Bette Davis plays the evil conniving virago for all it’s worth in John Huston’s over-the-top soaper. When spoiled rich bitch Stanley Timberlake (Davis) dumps her adoring fiancé Craig Fleming (suave doormat George Brent) in order to run off with Peter, the husband of her sister Roy (simmering martyr Olivia de Havilland), the stage is set for tragedy and divine retribution. It isn’t long before Peter, a promising surgeon, slowly wakes up to the fact that Stanley loves only herself, a revelation which finds him hitting the bottle more than he should. Roy and Craig, in the meantime, are finding more than shared misery in one another’s company. But when a seemingly contrite Stanley returns to the family minus Peter she’s more determined than ever to upset the apple cart once again by setting her sights on rekindling Craig’s affections.
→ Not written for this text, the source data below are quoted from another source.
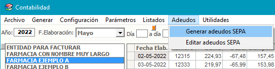 2-Menú Adeudos => Editar adeudos SEPA. Aparecerá el programa para generar los adeudos.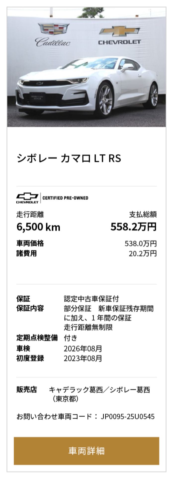 シボレー カマロ 掲載台数2台(10/1時点)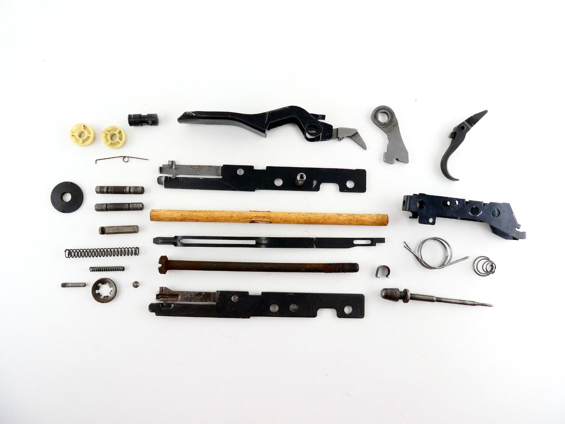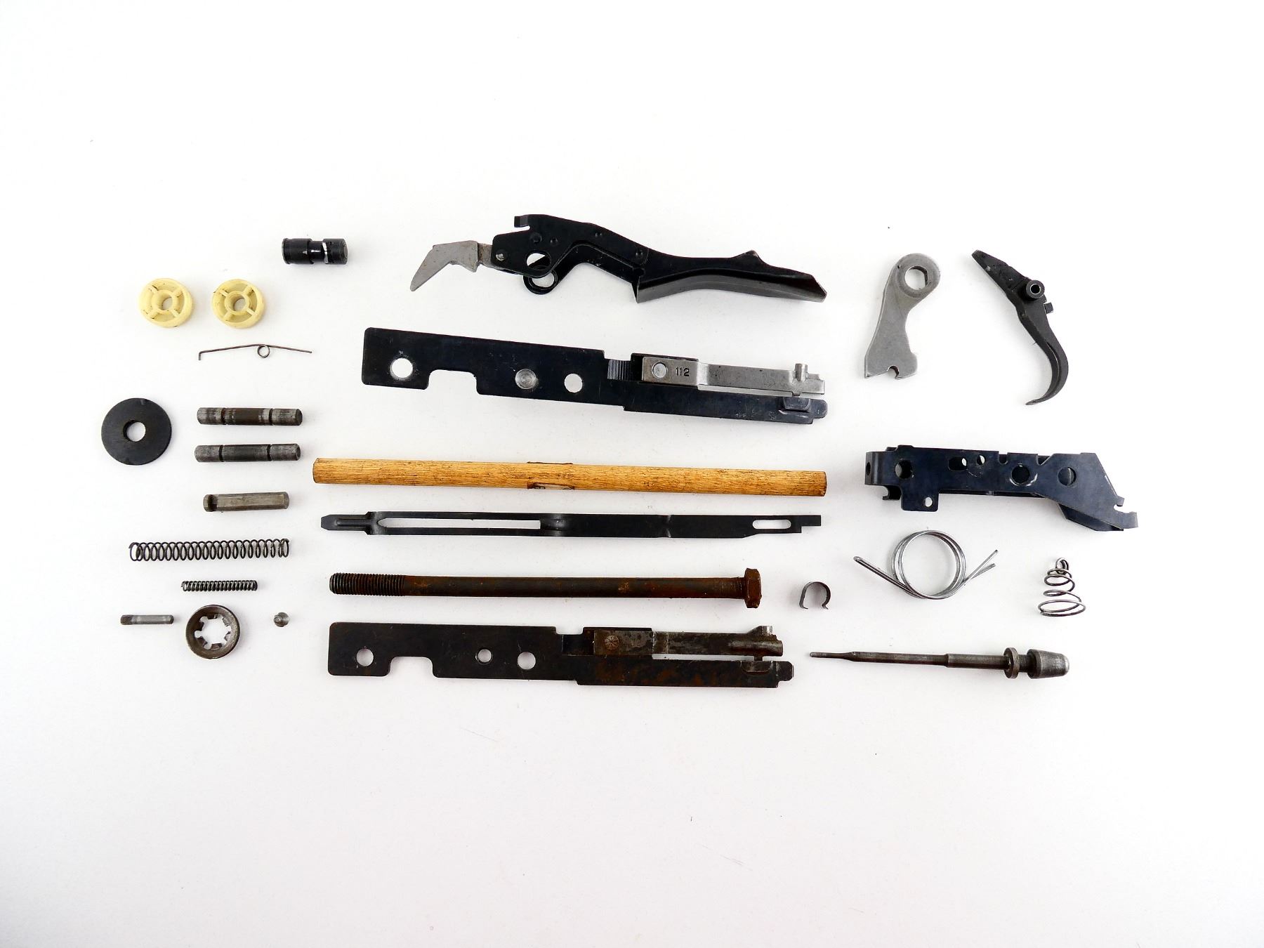 LOT INCLUDES; STOCK BOLT, FIRING PIN, LEFT / RIGHT SHELL STOPS, LIFTER, HAMMER, TRIGGER, EJECTOR, VARIOUS PINS / SCREWS / SPRINGS, ETC. MAY REQUIRE FITTING. SEE PHOTOS.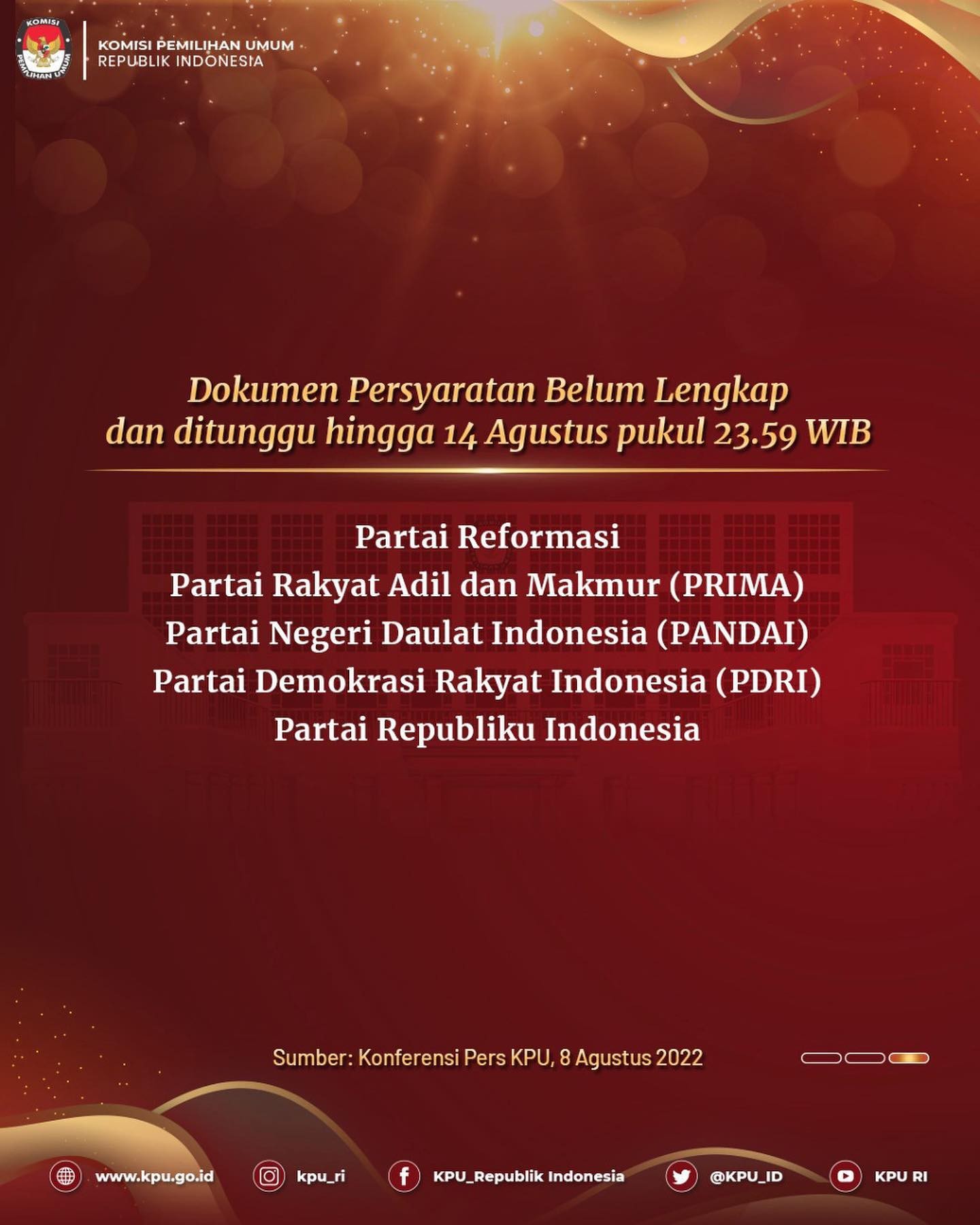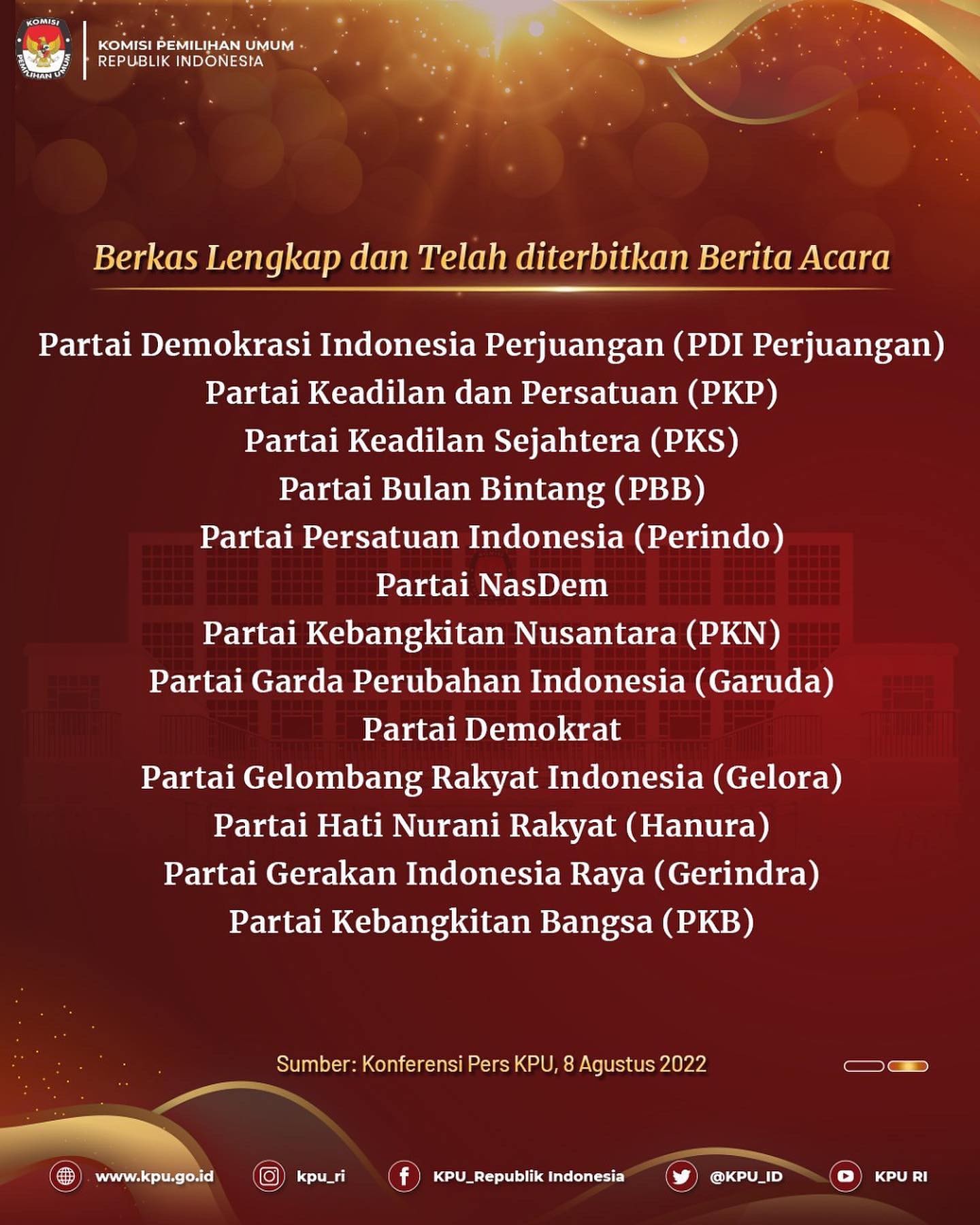 #TemanPemilih, kamu perlu tahu, inilah 13 partai politik yang berkas pendaftarannya sudah lengkap sebagai calon Peserta Pemilu 2024 dan 5 partai politik yang sedang dalam tahap melengkapi berkas hingga 14 Agustus 2022,

With the family picking sides—Roy and her father suspicious of Stanley’s every move while her doting mother and wealthy uncle William (whose creepy attentions towards Stanley border on incestuous) willing to turn a blind eye to her scheming ways—it takes a tragic accident to shake everyone back to reality. Aside from Davis’ manic portrayal of an egotistical harpy incapable of moral compunction the rest of the cast plays it pretty straight with de Havilland’s Roy suffering angelically, Brent’s Craig grasping for silver linings, and Frank Craven as family patriarch Asa Timberlake nodding sagely while his daughter’s life goes down in flames. What sets this one apart from the usual crop of old Hollywood morality plays however is its frank depiction of racist attitudes in the south—in this case Virginia. Young black man Parry Clay (a quiet performance by Ernest Anderson) is an employee of Uncle William’s who dreams of becoming a lawyer despite the many obstacles a “coloured boy” must overcome. When Stanley finds herself in serious trouble with the law and tries to pin the blame on Parry his cynical attitude towards the legal system, and the compassion his plight engenders in the caucasians around him, proved too problematic for southern audiences causing the studio to cut out any “sympathetic” scenes before the film was shown below the Mason-Dixon line.

Froster Jul 29, 2013

There are a few worthy films that simply slip out of notice for no good reason at all. How can a film that was John Huston's second (after Maltese Falcon), starring Bette Davis at the peak of her stardom, that teams Olivia de Havilland and Hattie McDaniel once again after GWTW, have fallen into obscurity? It turns out to be undeserved. "In This Our LIfe" is no embarassment to any of these talents, but a big, ripe melodrama worth watching. Its treatment of racism is pioneering, and the scenes between Coburn and Davis hinting at flirtation between family members have a perverse, underplayed fascination. De Havilland, once again, shows her charm and intelligence, and a steely coldness that is a prelude to her tour de force in "The Heiress". I don't mean that this is by any means a masterpiece, but you don't get this bunch together at this period and come up with just any old drek. See what you think.